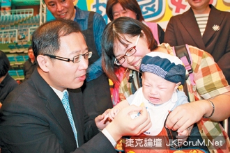 吳志揚昨天在會場為6名4個月大的新生兒收涎,祝福每個小寶寶順利長大成人,儀式上有嬰兒突然放聲大哭,逗笑現場民眾。
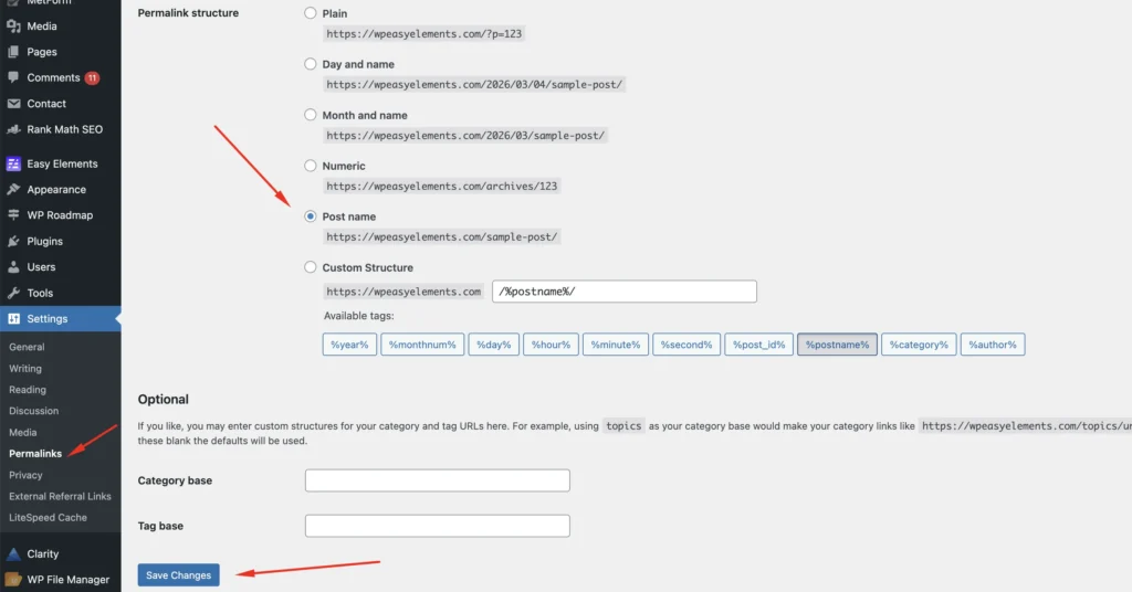 - Go to Settings → Permalinks
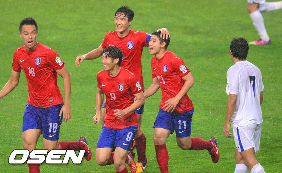 11일 오후 서울월드컵경기장에서 열린 '2014 브라질월드컵 아시아 최종예선 A조 7차전' 한국과 우즈베키스탄의 경기, 전반 우즈벡의 자책골에 축구대표팀 선수들이 환호하고 있다.
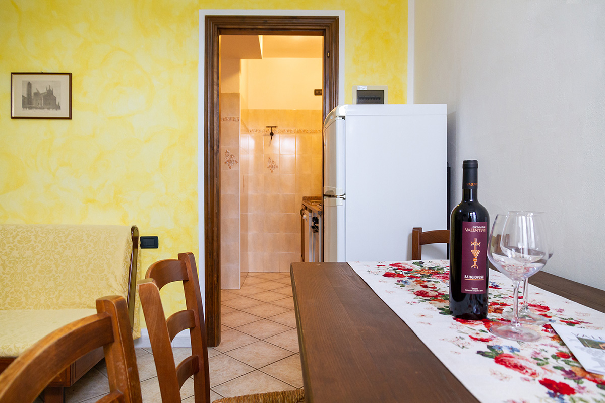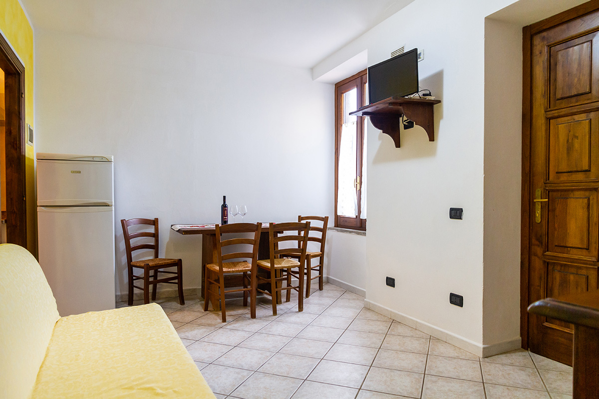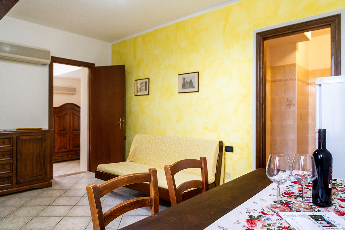Appartamento bilocale al piano terreno con camera da letto matrimoniale, bagno con box doccia e spaziosa zona giorno con divano letto.
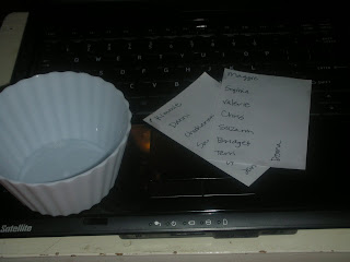 I am sorry I didn't post this last night. I really should've thought about what my Thursday looked like. I hosted Keno at my house last night and after the last gal left at 9:30 it was time to pick up, give the little man a quick kiss and put him to bed, pay bills and then of course, we wanted to watch The Office. We watched Bush's farewell address, fast forwarded through Earl and then....NOTHING! I guess the recorder was set up wrong so I still don't know what happened. Maybe we'll watch it online when hubby comes home for lunch later. After that, he wanted to go to bed early and when I remembered about drawing, he was snoozing away and none of the puppies were any help either.
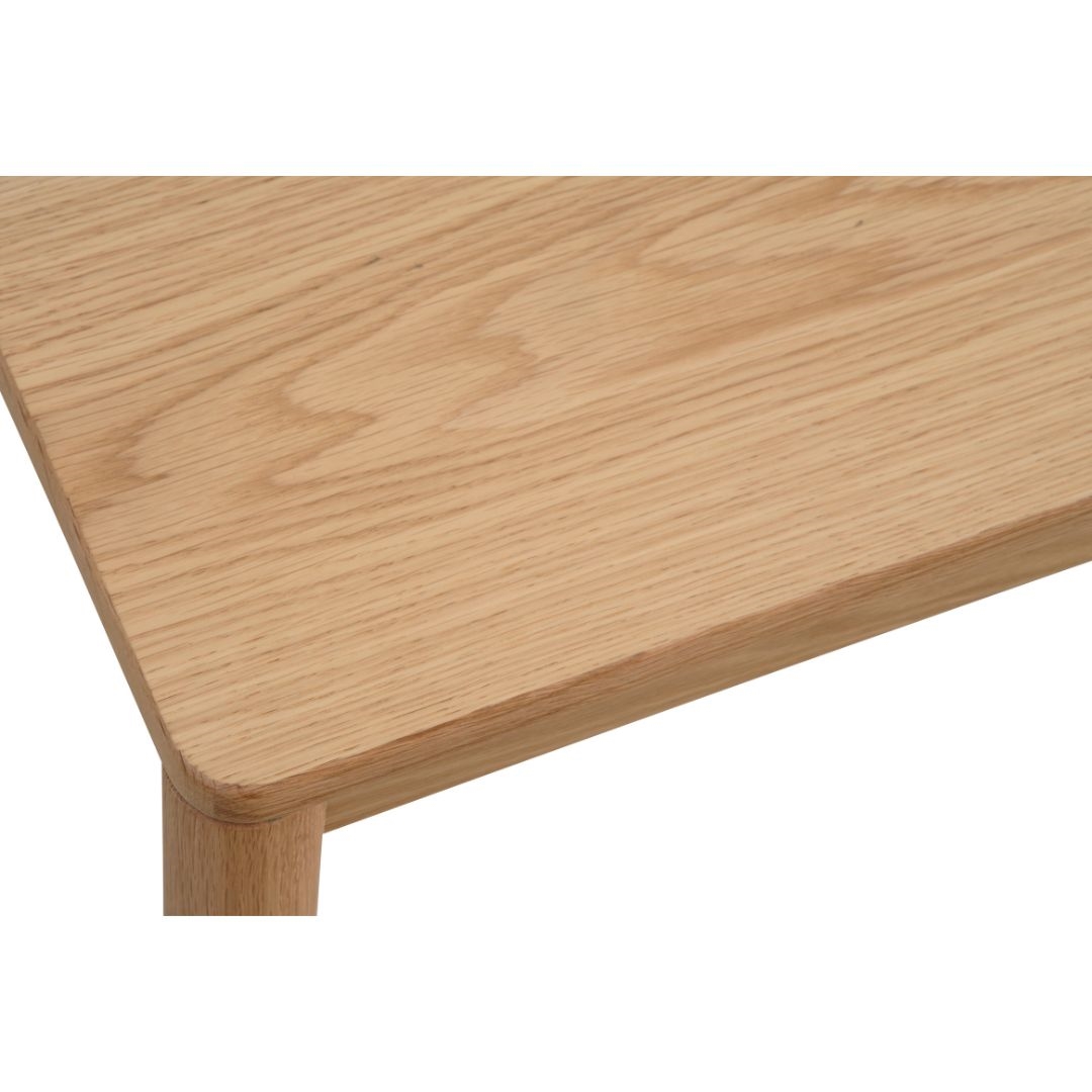 Den kvadratiske bordplade er lavet i slidstærkt egetræsfiner med massiv egetræskant, som understreger det naturlige udtryk. De fire ben i massivt egetræ giver stabilitet og et let udtryk, der fremhæver bordets tidløse design.
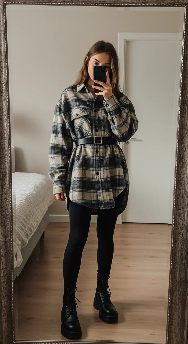 Turn an oversized plaid shirt into a dress for ultimate grunge vibes.
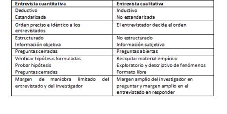 Tabla 1: Características de la entrevista cuantitativa y cualitativa
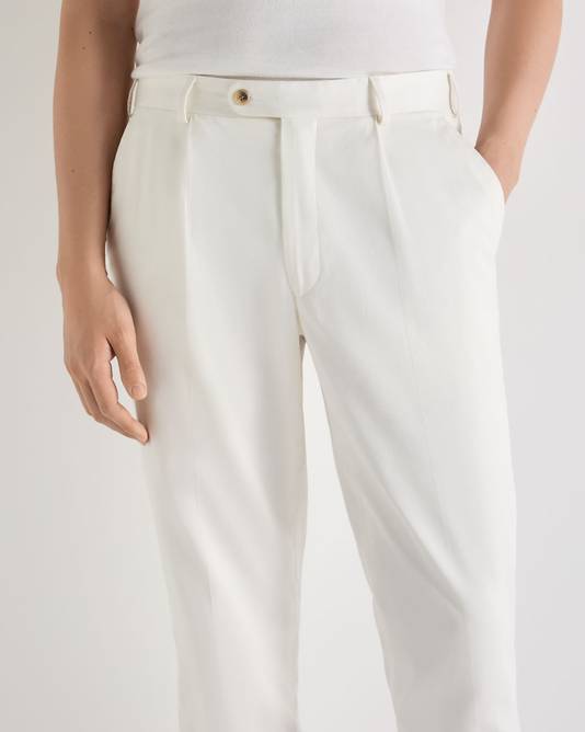 A clean, confident staple designed to anchor warm-weather dressing. This cotton trouser balances tailored lines with everyday ease, offering a polished silhouette that travels effortlessly...
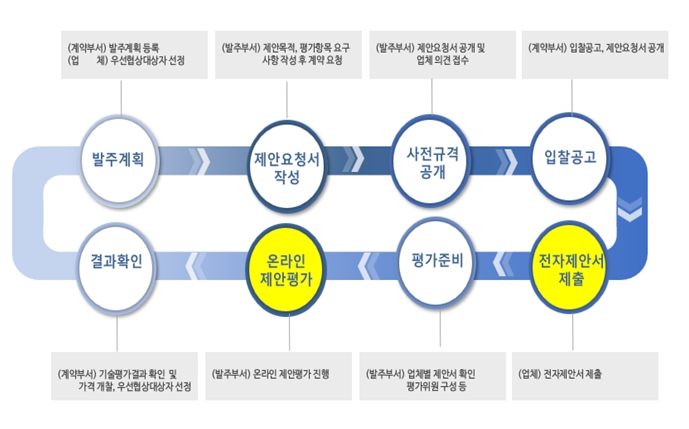 이번 온라인 평가는 PDF 제출 + 화상회의 발표를 결합한 전자적 방식으로 진행된다. 조달청 온라인 평가시스템을 활용해 사업부서는 사업 특성과 목적물의 속성에 맞춰 대면·온라인 방식을 자율적으로 선택할 수 있다. 입찰 공고 후 업체가 평가자료를 온라인으로 제출하면 평가위원회가 시스템상에서 정성평가를 진행한 뒤 결과를 확정하여 계약을 체결한다.
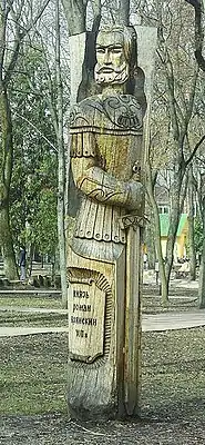 ![]() Скульптура «Князь Роман Брянский» (Парк-музей им. А.К.Толстого, автор — В.Орлов, 1978, дуб, Брянск) | |
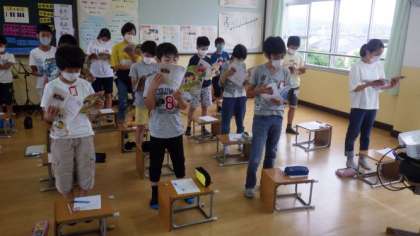 今日は曲想を感じ取りながら,気持ちをこめて「つばさをください」を歌う学習をしました。感染症対策のため,マスクをつけて小さな声で歌っています。
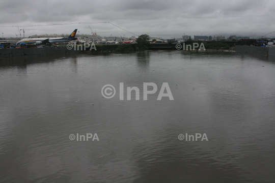 Men walk through a flooded railway track after heavy rains in Mumbai, India, Monday, Aug. 29, 2011. Train services were disrupted due to water logging in the tracks in several low-lying areas in the city. Photo by Sachin Halde/Indian Photo Agency
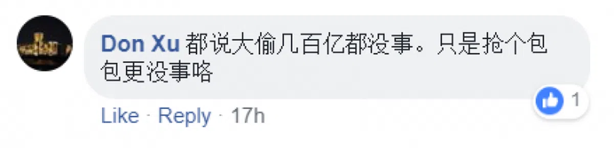 也有网民将矛头指向马国新政府,指马来西亚的治安近几年越变越差,估计被抢走的手提袋是找不回来的。

***

(Description of the task) Transcribe the preceding listing in its entirety and with exact wording, leaving out pictures.

(Answer to this task)
 吳志揚昨天在會場為6名4個月大的新生兒收涎,祝福每個小寶寶順利長大成人,儀式上有嬰兒突然放聲大哭,逗笑現場民眾。
 - Go to Settings → Permalinks
 11일 오후 서울월드컵경기장에서 열린 '2014 브라질월드컵 아시아 최종예선 A조 7차전' 한국과 우즈베키스탄의 경기, 전반 우즈벡의 자책골에 축구대표팀 선수들이 환호하고 있다.
Appartamento bilocale al piano terreno con camera da letto matrimoniale, bagno con box doccia e spaziosa zona giorno con divano letto.
 I am sorry I didn't post this last night. I really should've thought about what my Thursday looked like. I hosted Keno at my house last night and after the last gal left at 9:30 it was time to pick up, give the little man a quick kiss and put him to bed, pay bills and then of course, we wanted to watch The Office. We watched Bush's farewell address, fast forwarded through Earl and then....NOTHING! I guess the recorder was set up wrong so I still don't know what happened. Maybe we'll watch it online when hubby comes home for lunch later. After that, he wanted to go to bed early and when I remembered about drawing, he was snoozing away and none of the puppies were any help either.
 Den kvadratiske bordplade er lavet i slidstærkt egetræsfiner med massiv egetræskant, som understreger det naturlige udtryk. De fire ben i massivt egetræ giver stabilitet og et let udtryk, der fremhæver bordets tidløse design.
 Turn an oversized plaid shirt into a dress for ultimate grunge vibes.
 Tabla 1: Características de la entrevista cuantitativa y cualitativa
 A clean, confident staple designed to anchor warm-weather dressing. This cotton trouser balances tailored lines with everyday ease, offering a polished silhouette that travels effortlessly...
 이번 온라인 평가는 PDF 제출 + 화상회의 발표를 결합한 전자적 방식으로 진행된다. 조달청 온라인 평가시스템을 활용해 사업부서는 사업 특성과 목적물의 속성에 맞춰 대면·온라인 방식을 자율적으로 선택할 수 있다. 입찰 공고 후 업체가 평가자료를 온라인으로 제출하면 평가위원회가 시스템상에서 정성평가를 진행한 뒤 결과를 확정하여 계약을 체결한다.
 ![]() Скульптура «Князь Роман Брянский» (Парк-музей им. А.К.Толстого, автор — В.Орлов, 1978, дуб, Брянск) | |
 今日は曲想を感じ取りながら,気持ちをこめて「つばさをください」を歌う学習をしました。感染症対策のため,マスクをつけて小さな声で歌っています。
 Men walk through a flooded railway track after heavy rains in Mumbai, India, Monday, Aug. 29, 2011. Train services were disrupted due to water logging in the tracks in several low-lying areas in the city. Photo by Sachin Halde/Indian Photo Agency
 也有网民将矛头指向马国新政府,指马来西亚的治安近几年越变越差,估计被抢走的手提袋是找不回来的。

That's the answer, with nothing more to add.